In 1903, commissioned by the city of Seattle, Washington, the Olmsted Brothers landscape architects planned many of the parks in the City of Seattle as part of a comprehensive plan to create a greenbelt throughout the city.  The planning continued in several phases, culminating in the final Olmsted-planned park, Washington Park Arboretum in 1936.

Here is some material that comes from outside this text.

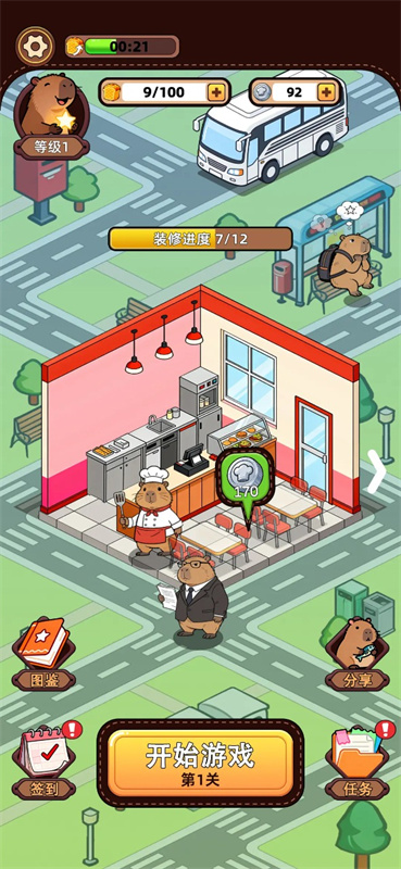4、达到阶段目标后解锁新店铺类型,合理规划城市布局,形成美食商业生态圈。

The existing Seattle Parks and Recreation system has been described as "one of the best-preserved Olmsted park systems in the country". In 2016, the Olmsted parks system was added to the National Register of Historic Places as a multiple property submission.

1903 plan

Sunset Hill Park 
Green Lake Park
Ravenna & Cowen Park
Woodland Park
Magnolia Bluff 
Interlaken Park
Volunteer Park
Cal Anderson Park
Madrona Park
Frink Park
Colman Park
Mount Baker Park
Jefferson Park
Seward Park

1908 plan

Hiawatha Playfield 
Schmitz Park
Lincoln Park

Other

Alaska-Yukon-Pacific Exposition (current University of Washington main campus)

The City of Seattle Parks and Recreation department lists a number of other parks, playgrounds, and playfields "influenced or recommended" by the Olmsteds, including the city's largest park:  Discovery Park.